Client IP address-based log query and analysis

The warn_ip field in a logon log entry indicates the source IP address of the logon.

  • Source country distribution of logons

    Query the distribution of the source countries from which users log on to a server. Example:

    __topic__: aegis-log-login and uuid: 12344567
    | SELECT ip_to_country(warn_ip) as country,
    count(1) as "Number of logons"
    group by country

    In this example, the ip_to_country function is used to retrieve the country that corresponds to warn_ip, which specifies the source IP address of the logon.

    Source country distribution of logons
    The following figure shows the distribution by using the world map. World map display
  • Identity distribution of logons
    Use the ip_to_province function to retrieve a more detailed distribution of logons based on provinces.

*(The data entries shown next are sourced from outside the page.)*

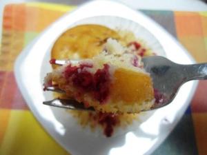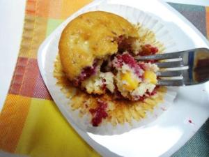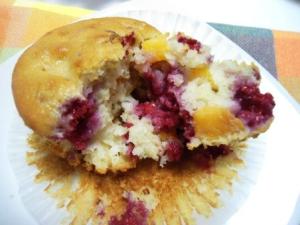 Es un muffin muy suave, no muy dulce, donde se combina perfectamente el sabor del durazno fresco con la frambuesa macerada en un poco de azúcar y licor de durazno. Tienen que probarlo.
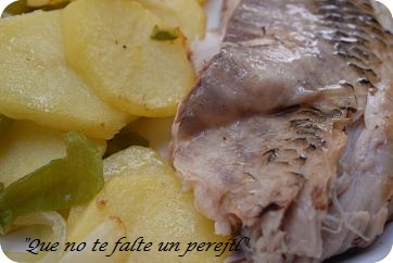 Cuando estén casi tiernas, saca el pescado y ponlas encima del pescado. Vuelve a introducir el pescado en el horno hasta que terminen de hacerse. Las patatas también tomarán el sabor del pescado y del limón y el resultado será extraordinario.
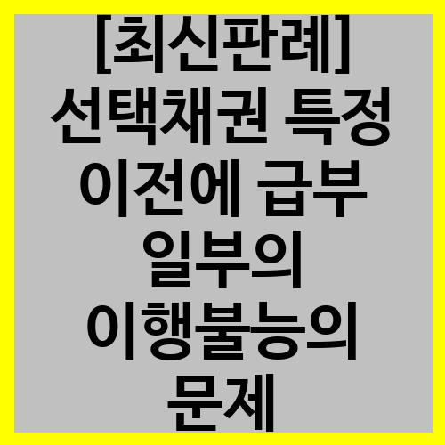 1) 채권의 목적으로 선택할 수개의 행위 중에 처음부터 불능한 것이나 또는 후에 이행불능하게 된 것이 있으면 채권의 목적은 잔존한 것에 존재한다(민법 제385조 제1항). 선택채권의 목적인 급부 중 하나가 일부불능인 경우 불능인 부분을 제외한 나머지 잔부의 급부만으로 채권의 목적을 달성할 수 있으면 해당급부의 이행이 불능이라고 할 수 없을 것이나, 그 잔부의 급부만으로 채권의 목적을 달성할 수 없다면 해당급부를 전부불능으로 보아야 한다.
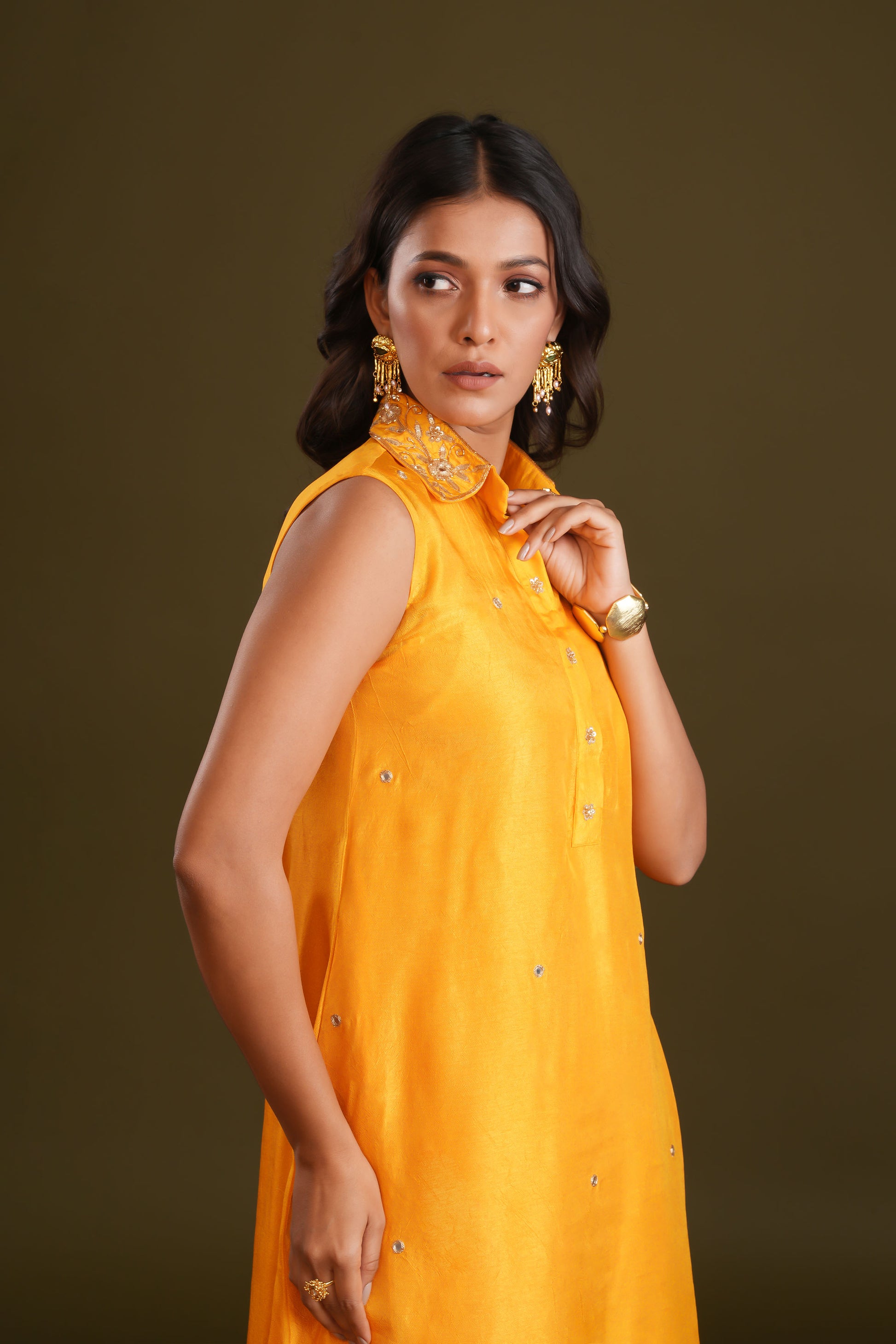 MUSTARD YELLOW EMBELLISHED TUNIC SET
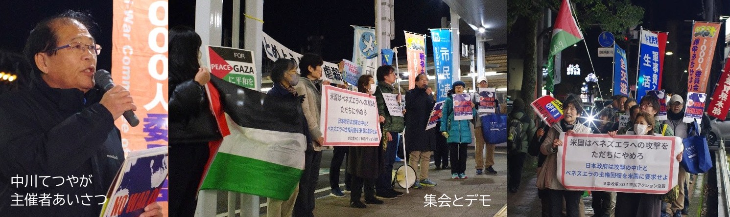 新年早々に世界を揺るがす米国のベネズエラ侵略。主権国家を攻撃し、大統領夫妻を拉致して、今後のベネズエラを運営し、石油や鉱物資源をわがものにするという。国連憲章をはじめとした国際法、米国内法も踏みにじる戦争犯罪です。ガザ虐殺に続く無法を許してはいけません。1月7日ただちに行動しました。

Example:
    __topic__: aegis-log-login and uuid: 12344567
    | SELECT ip_to_province(warn_ip) as province,
             count(1) as "Number of logons"
             group by province

    In this example, the ip_to_province function is used to retrieve the source province to which an IP address belongs. If the IP address is not from China, the system attempts to convert it to the province or state based on the country location of the IP address. However, if you select the China map, the province or state cannot be displayed.

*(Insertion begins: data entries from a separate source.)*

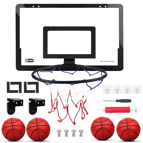 TEUVO Mini basket ringleksaker för barn ålder 8, 9, 10, 11, 12 år, inomhus, basketring över dörren med 4 bollar för sovrum, monterad utomhus, miniring på dörr, sport, spel, leksak, gåvor för pojkar
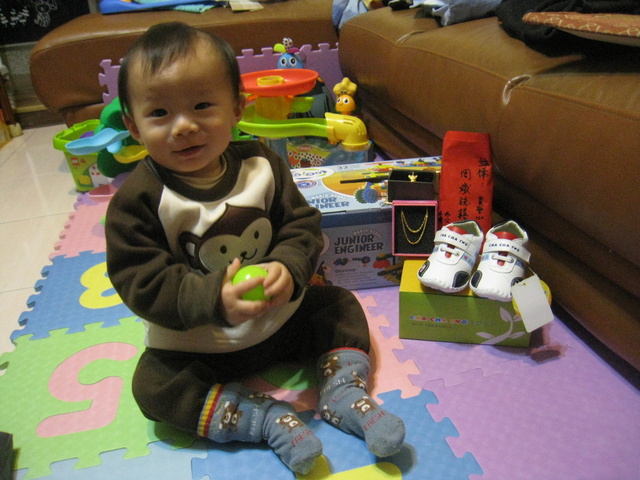 有奶奶送的智高木,有小舅舅送的老虎金、外公外婆送的金、鞋子和超大包的包(真的很大~~五位唷!跟咪一月的薪水差不多XD)
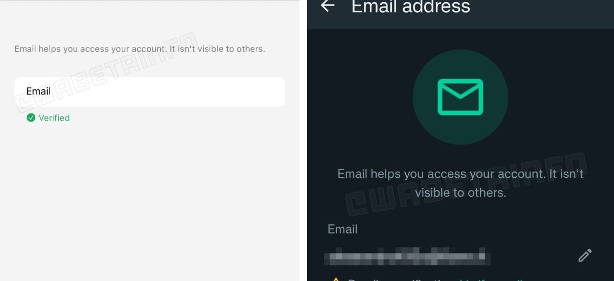 Adding an email on WhatsApp beta for iOS (left) and Android
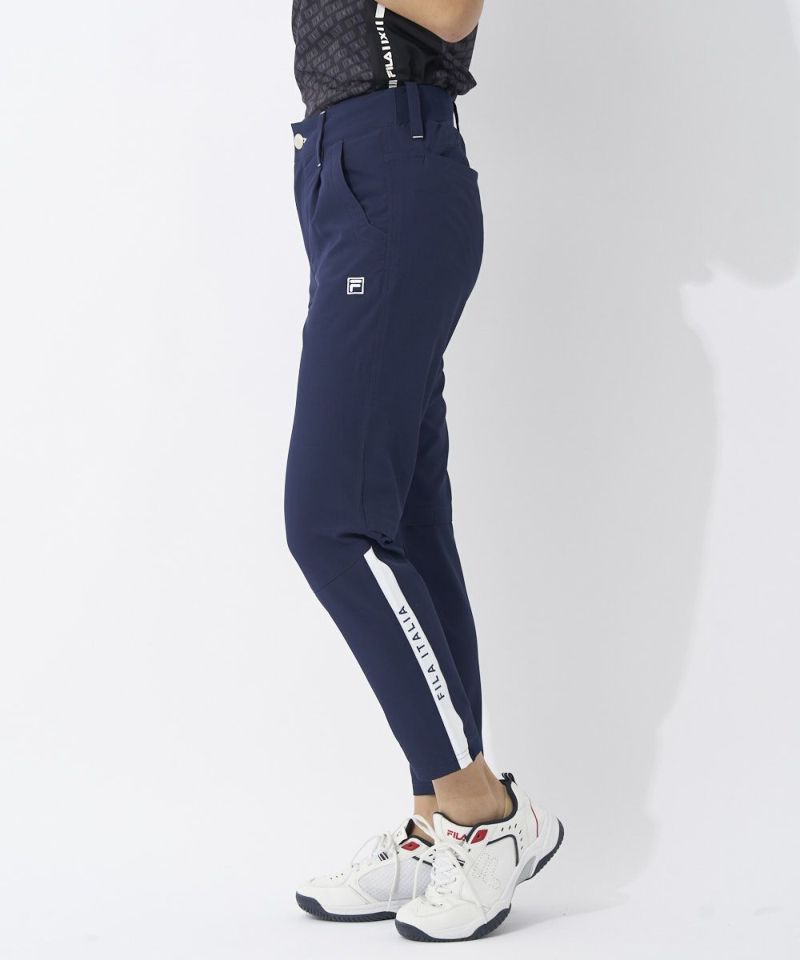 ストレッチ性に優れた、薄手の軽やかな素材を採用したクロップドジョガーパンツ。裏面が凹凸状で、肌に張り付かず快適です。左裾のライン使いとジャガードのウエストリブでアクセント。

    Identity distribution of logons
    The following figure shows the distribution by using the China map. China map display
  • Geothermal distribution of logons

    Use the ip_to_geo function to retrieve the geothermal distribution of logons:

    __topic__: aegis-log-login and uuid: 12344567
    | SELECT ip_to_geo(warn_ip) as geo,
             count(1) as "Number of logons"
             group by geo
             limit 10000

    In this example, the ip_to_geo function is used to retrieve the latitude and longitude of an IP address. LIMIT is set to 10000 to retrieve the first 10,000 log entries.

    Geothermal distribution of logons

    The following figure shows the distribution by using AutoMap.

    AutoMap display
    Note For more information about IP address-based features, see IP functions. For example, you can use the ip_to_provider function to obtain the provider of IP addresses and the ip_to_domain function to determine whether an IP address is public or private.